Climate change is making things very difficult for British farmers.

Food security threatened by extreme flooding, farmers warn

“Debbie, whose family have farmed there since 1936, said the land used to flood every six years when she was young, but had flooded three times last year and six times already this year”

Dead lambs and ‘decimated crops’ on rain-soaked farms

The stories from these farms are heartbreaking. Lambs born into conditions that they cannot survive. Unplantable fields.

UK facing food shortages and price rises after extreme weather

Farming is the business of providing the rest of us with food. If crops fail, as they already are this year, this will cause shortages and price rises. If farmers are in trouble, we all suffer.

Heavy rains, lightning in Pakistan kill at least 50 people

Rafay Alam, a Pakistani environmental expert, said such heavy rainfall in April was unusual.
“Two years ago, Pakistan witnessed a heatwave in March and April and now we are witnessing rains and it is all of because of climate change, which had caused heavy flooding in 2022,” he said.

How Nigeria is reeling from extreme heat fuelled by climate change

“Since the start of this year, Africa’s most populous nation Nigeria has faced prolonged stretches of severe heat.

A recent quick-fire analysis found that the conditions in February, when temperatures exceeded 40C, were made 10 times more likely by human-caused climate change”.

World faces ‘deathly silence’ of nature as wildlife disappears, warn experts

Birdsong is beautiful and I am lucky to live in an area where there is a lot of it. But like so many parts of the natural world, it is under threat. If there is no habitat for nature, it is lost and so are those joyful sights and sounds.

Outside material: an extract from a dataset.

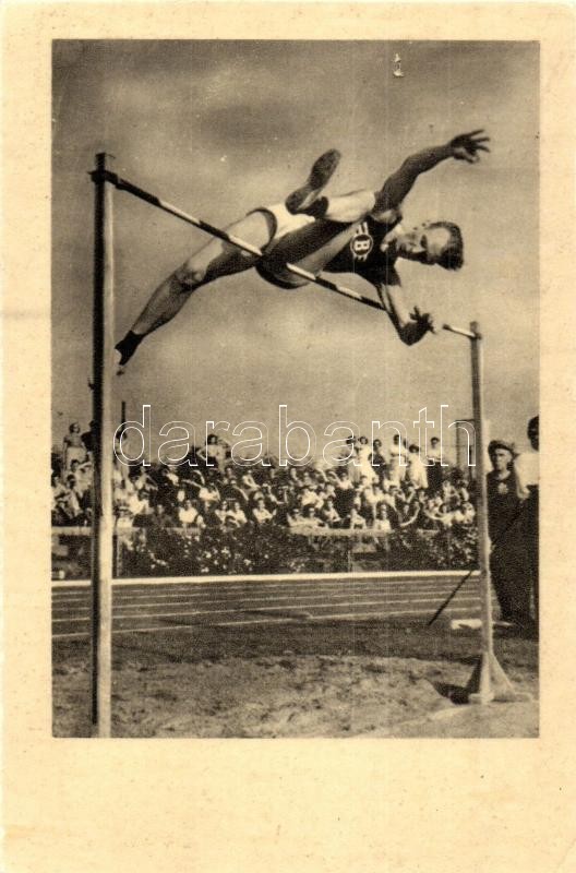 Magasugrás. Bodó Árpád (BEAC) ollózó stílusa légmunka közben lábváltás. Képzőművészeti Alap Kiadóvállalat / Hungarian high jumper

Finally, you might have seen astonishing footage of a storm in Dubai. This is a desert region, so flooding is very unusual. Yet, video clips showed streets flooded, wind damage and aircraft at the huge international airport apparently taxiing across a lake. Some of the video was obviously fake and there was discussion of cloud seeding. So this analytical article in The Guardian is welcome.

Don’t blame cloud seeding for the Dubai floods

This was an extraordinary weather event. It was not caused by cloud seeding getting out of hand, it was greatly exacerbated by climate change.

This is part of the challenge of climate change. People can survive in all sorts of places if they have the infrastructure and techniques to do so. Climate change does exactly what it says. It turns deserts into lakes and fertile, food-growing regions into deserts and its happening faster than we can adapt.

Thanks for reading.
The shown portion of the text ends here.